We've all been thinking about it, and discussing the possibilities, but it is unusual for them up there to be talking about it.
But, according to Reuters, Germany's Economy Minister Karl-Theodor zu Guttenberg is openly saying that whole countries – and not just their banks – may have to be bailed out to prevent their collapse.
He was talking to the weekly magazine WirtschaftsWoche, who hastily adds – not entirely convincingly – that, "Luckily we're still a long way from anything that serious." Even then, although I do not know how much reliance you can put on a translation from the German, but the nuance of "still" makes you wonder.
Anyhow, Guttenberg had something more pressing – in his view – to say. That was to put on record his rejection of the idea of a joint bond issued by (or within) the eurozone. But once again, nuances come to the fore. He does not rule out a joint bond issue … merely one, presumably, by the ECB.

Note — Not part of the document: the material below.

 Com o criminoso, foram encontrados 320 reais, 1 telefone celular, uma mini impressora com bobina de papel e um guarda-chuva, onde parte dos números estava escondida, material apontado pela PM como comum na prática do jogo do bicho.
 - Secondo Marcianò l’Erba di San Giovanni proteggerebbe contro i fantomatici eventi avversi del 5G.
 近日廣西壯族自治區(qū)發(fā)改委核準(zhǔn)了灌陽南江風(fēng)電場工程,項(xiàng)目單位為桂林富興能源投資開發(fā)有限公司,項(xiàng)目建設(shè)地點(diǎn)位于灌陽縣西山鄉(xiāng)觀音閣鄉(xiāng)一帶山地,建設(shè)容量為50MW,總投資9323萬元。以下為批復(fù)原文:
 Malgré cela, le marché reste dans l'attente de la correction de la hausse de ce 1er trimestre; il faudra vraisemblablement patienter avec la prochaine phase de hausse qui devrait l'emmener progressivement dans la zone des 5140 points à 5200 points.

Whatever he has in mind, he also makes it clear that support should only be given to countries at risk of collapse, which also tells you something. If they start doshing out aid to specific countries – in whatever form they eventually decide – that will be a very clear signal that the situation is very grave.

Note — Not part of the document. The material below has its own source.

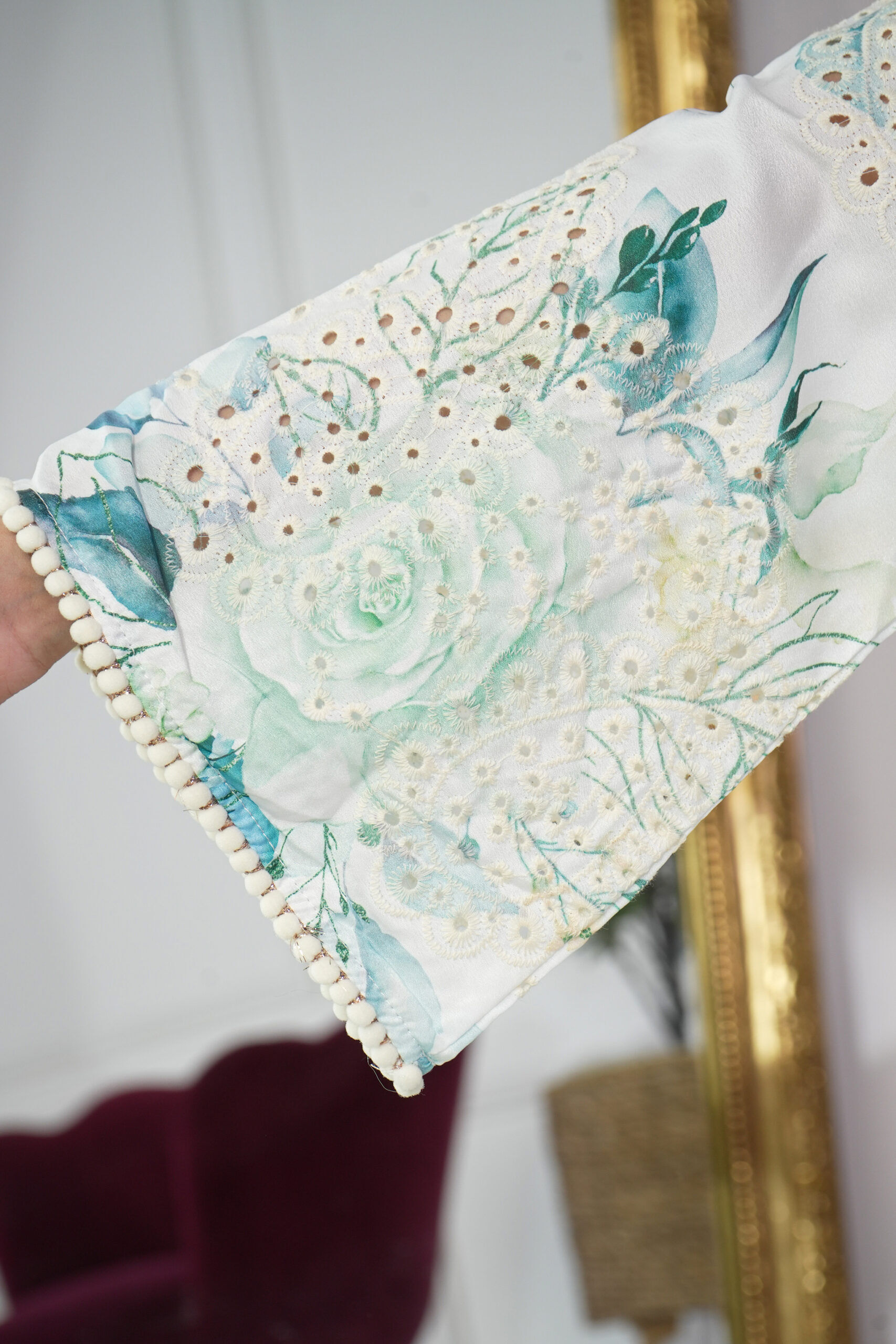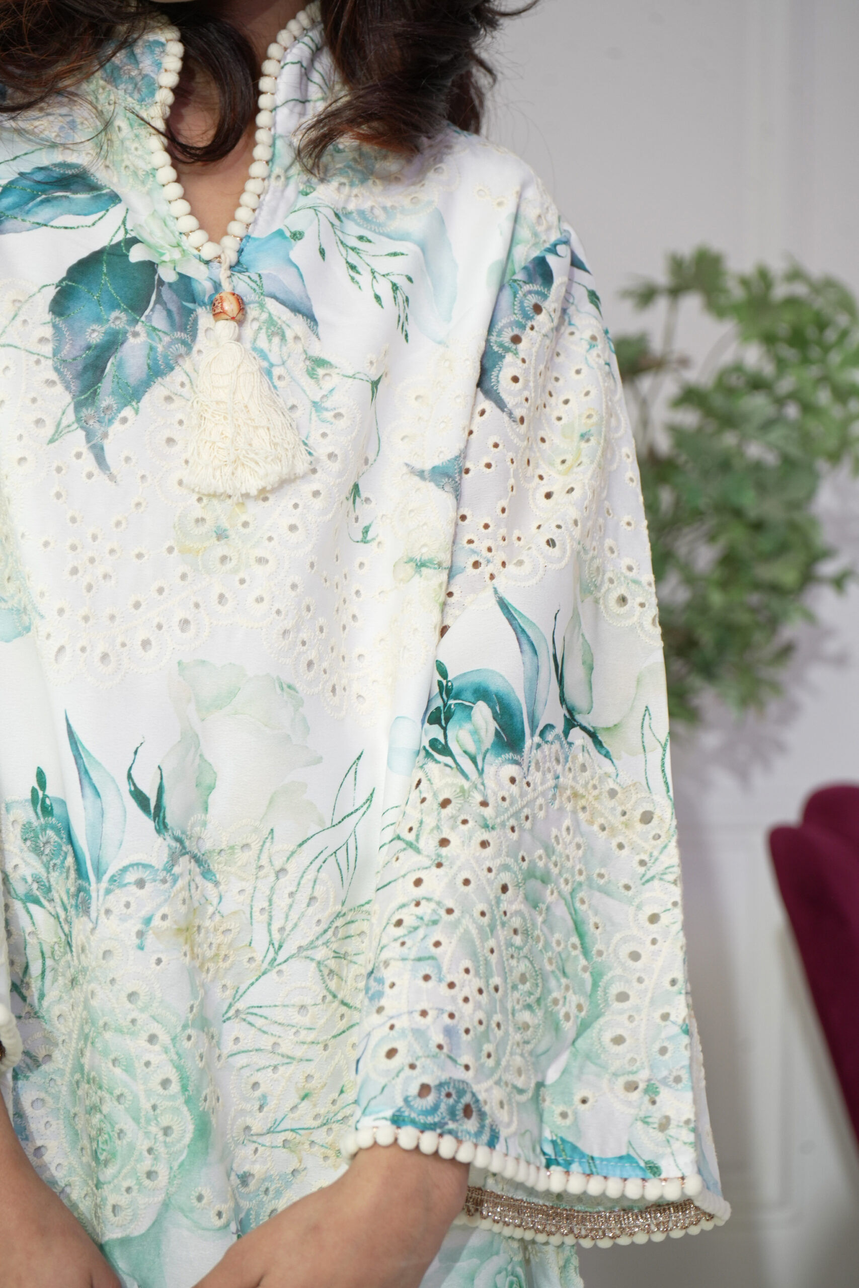 نسجت بورود الناعم ومن خامة لينينن عالي الجودة، صممت بياقة ناعمة حول الرقبة مع فتحة صدر قصيرة ومزينة بكلفة ابيض،مع الاكمام، تتسع من منتصف الذراع بقصة عليها حواف ، والاكمام وسيع عند المعصم.
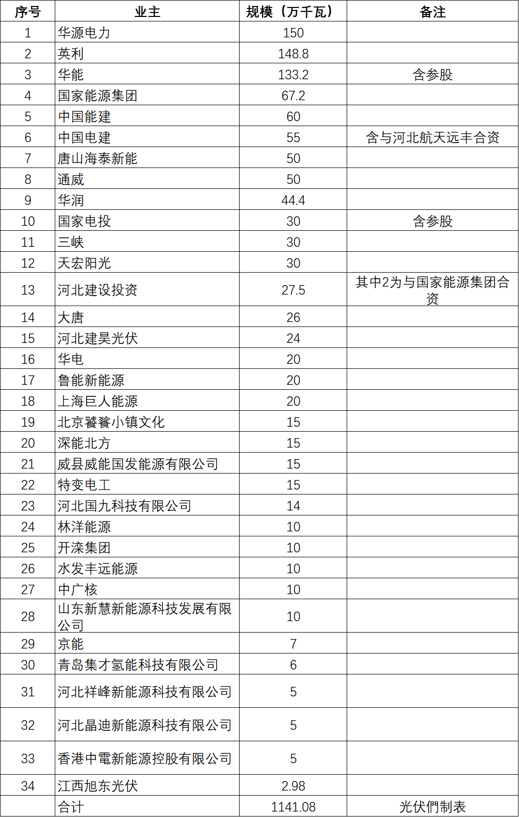 其中,華源電力憑借張家口異質(zhì)結(jié)高效太陽能光伏電池應(yīng)用示范項目,以150萬千瓦位列開發(fā)第一。其次是英利148.8萬千瓦、其后緊跟華能133.2萬千瓦、國家能源集團(tuán)67.2萬千瓦。值得注意的是,TOP 3均超過了1GW。

Nevertheless, the "colleagues" are deadly serious. Guttenberg says that, "it may be that support measures will be necessary in future." He adds: "Just cynically allowing whole countries to fail would cost a great deal more." And that suggests that this too has been considered as an option, even if it has been rejected … for now.
It is not clear what is on the cards though. The best Guttenberg can offer is that, on the one hand, the "colleagues" don't want to "undermine efforts to maintain budgetary discipline in Europe." Thus they want collectively to "find flexible solutions for the countries that are really in danger."
This really does suggest that they don't yet have le plan. Either that, or they don't have the first idea of what to do … or both.